The Ig switch regions have been shown to adopt a structure whereby the nascent sense transcript from the RNA polymerase II complex forms a RNA:DNA hybrid (i.e. R-loop) with the bottom DNA strand. The locations of these R-loops correlate with CSR
[24],
[50] and a large deletion of the switch region reduces both R-loop formation and CSR
[30]. In addition, inverting the γ1 switch region reduces CSR to γ1 by ~3 fold, and this inversion is thought to reduce R-loop formation
[51]. Thus, R-loops play an important role in producing ssDNA during CSR. However, while the R-loop model explains how the top strand becomes accessible to AID, on its own it fails to explain how the bottom strand would be targeted for deamination, a prerequisite for CSR, and thus other processes must be taking place to allow for AID to access the bottom strand.

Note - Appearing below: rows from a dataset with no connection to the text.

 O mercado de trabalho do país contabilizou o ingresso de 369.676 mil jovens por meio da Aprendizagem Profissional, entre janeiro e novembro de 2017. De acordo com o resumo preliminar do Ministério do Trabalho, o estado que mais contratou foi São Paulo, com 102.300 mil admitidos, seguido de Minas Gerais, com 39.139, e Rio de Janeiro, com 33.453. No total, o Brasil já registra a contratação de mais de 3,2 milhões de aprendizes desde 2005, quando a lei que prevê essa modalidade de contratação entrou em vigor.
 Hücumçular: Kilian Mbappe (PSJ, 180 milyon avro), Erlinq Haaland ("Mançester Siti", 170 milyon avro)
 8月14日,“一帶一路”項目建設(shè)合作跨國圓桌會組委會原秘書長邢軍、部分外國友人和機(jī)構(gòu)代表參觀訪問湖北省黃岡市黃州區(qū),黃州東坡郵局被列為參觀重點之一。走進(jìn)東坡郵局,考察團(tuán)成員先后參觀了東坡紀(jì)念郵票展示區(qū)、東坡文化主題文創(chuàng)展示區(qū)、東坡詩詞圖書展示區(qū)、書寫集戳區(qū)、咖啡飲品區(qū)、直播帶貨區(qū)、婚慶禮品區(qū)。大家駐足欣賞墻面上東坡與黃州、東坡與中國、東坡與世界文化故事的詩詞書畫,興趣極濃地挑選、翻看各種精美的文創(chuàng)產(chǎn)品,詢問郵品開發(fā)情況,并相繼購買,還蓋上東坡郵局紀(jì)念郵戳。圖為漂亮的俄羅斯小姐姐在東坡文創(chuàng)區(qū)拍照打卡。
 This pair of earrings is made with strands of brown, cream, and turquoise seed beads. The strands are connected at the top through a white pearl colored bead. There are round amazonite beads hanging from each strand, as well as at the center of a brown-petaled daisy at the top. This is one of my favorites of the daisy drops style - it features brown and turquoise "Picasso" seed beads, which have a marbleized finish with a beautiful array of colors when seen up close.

It was recently shown that sense transcription through the switch region is sufficient for CSR while antisense transcripts are dispensable for this process
[52]. This suggests that secondary structures produced during sense transcription elongation provide access to AID on both strands. Indeed, ExoI excision tracts can also potentially expose ssDNA on the bottom strand during CSR
[25]. Previous findings showed that the bottom strand in the Ig switch region does not harbour ssDNA
[24],
[53]. This result is most likely due to the method of bisulfite deamination, which was carried out on purified nucleic acid
[24],
[53]. By carrying out the sodium bisulfite assay on intact nuclei, we show that the region immediately upstream of the μ switch region harbours short ssDNA patches on both DNA strands that increase in frequency when primary B cells () or CH12F3-2 cells () are stimulated to undergo CSR. This assay also identifies long stretches of sodium-bisulfite conversion within switch regions in murine B cells
[18] or CH12F3-2 cells () which are likely caused by R-loop formation. Although the ssDNA patches are shorter (~7 nucleotides) within the switch region than the observed ssDNA within R-loops that can be kilobases in length
[24], the frequency of these patches are significantly higher (~1 patch per kilobase within the 5′μ switch region) than the frequency of R-loops in primary murine B cells (4% of switch regions contain R-loops)
[30]. Furthermore, since R-loops only form in G-rich sequences
[24], rare A:T rich switch sequences that are enriched for AID hotspot motifs, such as in
Xenopus laevis, are unlikely to adopt an R-loop configuration, but nonetheless support CSR
[54] indicating that they are accessed by AID through an unknown mechanism. In scenarios where R-loops are either decreased or absent, we suggest that ssDNA patches that are found on both DNA strands are sufficient to produce the AID-initiated staggered dsDNA breaks associated with CSR events. In addition, it is also possible that an AID induced mutation leads to Exo1-mediated excision of the top strand exposing the bottom strand to AID-attack
[25]. In the context of normal R-loop formation, we suggest that all of these processes cooperate to allow AID access to the non-template (top) and template (bottom) DNA strands.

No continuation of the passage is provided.